I use the Highlighter Solaris LED. Very bright. I have not seen the Whelen Responder LED lit up in person yet. I hear it is bright. The Whelen bar is a little cheaper in price. YouTube has the Solaris lit up if you want to see one turned on. Bought mine at www.priority1emergency.com a Michigan store. He carries both bars, but can't keep the Whelen in stock. Galls, Strobes n More, Sirennet, and LSH Lights all carry mini light bars and sell on the internet. Galls carries both brands, where the others do not carry the Federal mini light bar. The others carry the ShoMe brand bars. Priority 1 Emergency carries all of them, plus a larger version of the ShoMe bar. Any of these lights will work well. Stay with LED is you want brightness and to save on the battery when plowing.


----------



## F250 Boss v

I have just installed a Whelen Liberty Mini light Bar -with linear LED's Model LP2AAAP. I converted the permanent mount to a mag mount, by using 4, 90 lb. magnets.
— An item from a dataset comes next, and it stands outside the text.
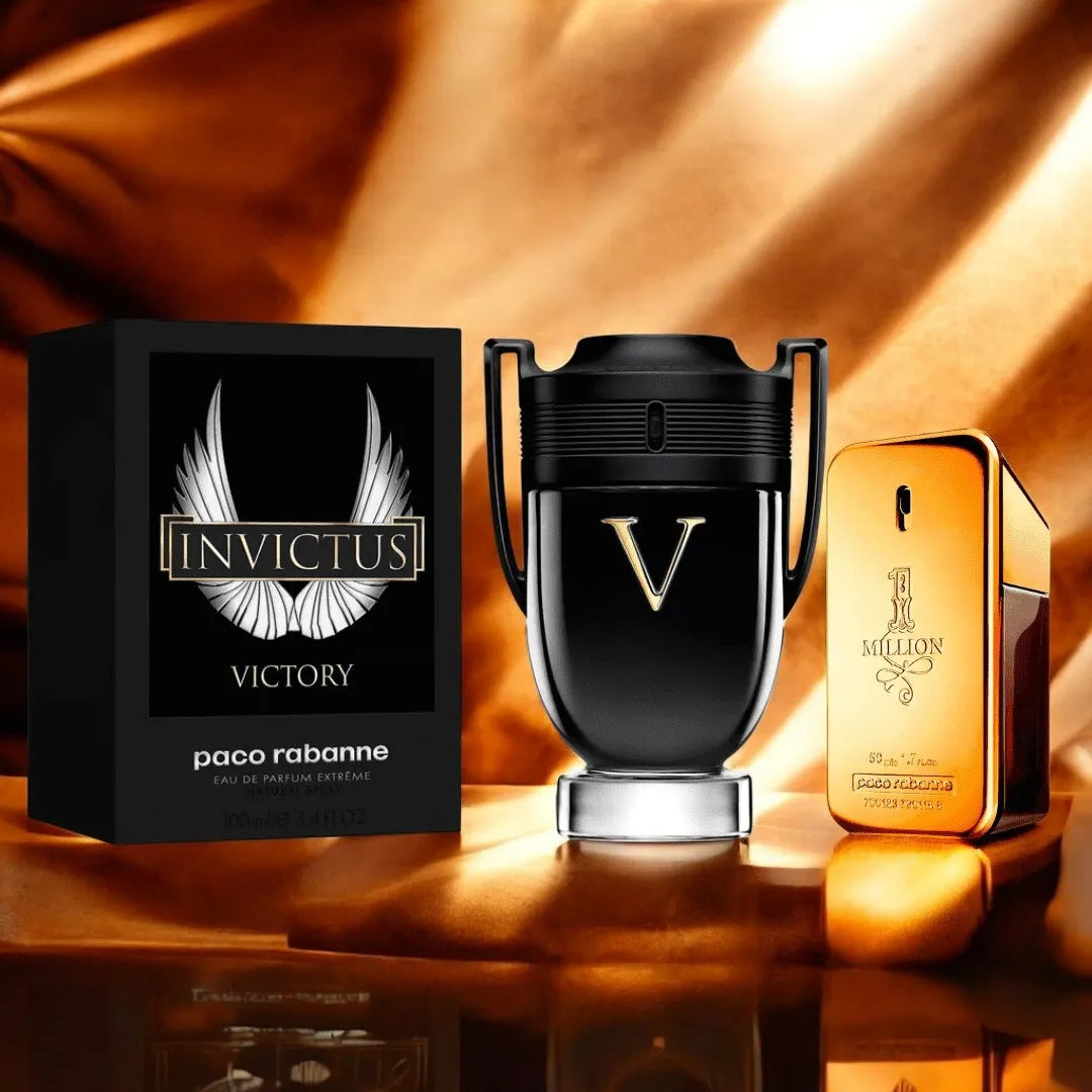 Al aplicarte este dúo, te envuelves en una sensación de éxito y energía. Invictus Victory Extreme aporta una fuerza cálida y seductora, mientras One Million añade un toque de lujo y seguridad. La combinación ideal para quienes buscan dejar una huella de elegancia y poder.

I can't believe just how bright this light is, even in bright sunshine! And the current draw is minimal! It was brand new, and I got it off Craiglist from a guy in Vermont, so I was able to save some bucks the purchase. Glad I have it, -for me it's the best light I've ever run.


----------



## Enzo

I am thinking about getting the Whelen Guardian 2 from these guys. It is pretty cheap http://www.sirennet.com/whel2rotdiam.html


----------



## tjthorson

I put the amber 11.1200 sho-me mini LED on my Jeep. I needed something low profile so I could clear the roof in the parking garage at work, and needed to mount it without a magnet (since I have a fiberglass hardtop). Its nice an bright - heck, it leaves spots in my eyes if I try to look at it when standing near the jeep. There is a video on u-tube here - that is not mine, but I looked at this video before I bought mine:






Here is a red one - but he runs through the different flash patterns that it can do.






Basically there are three wires going to the unit, you send 12v through one, another is ground, and the third wire you send 12v off a momentary contact switch. That 12v will cycle through the flash patterns.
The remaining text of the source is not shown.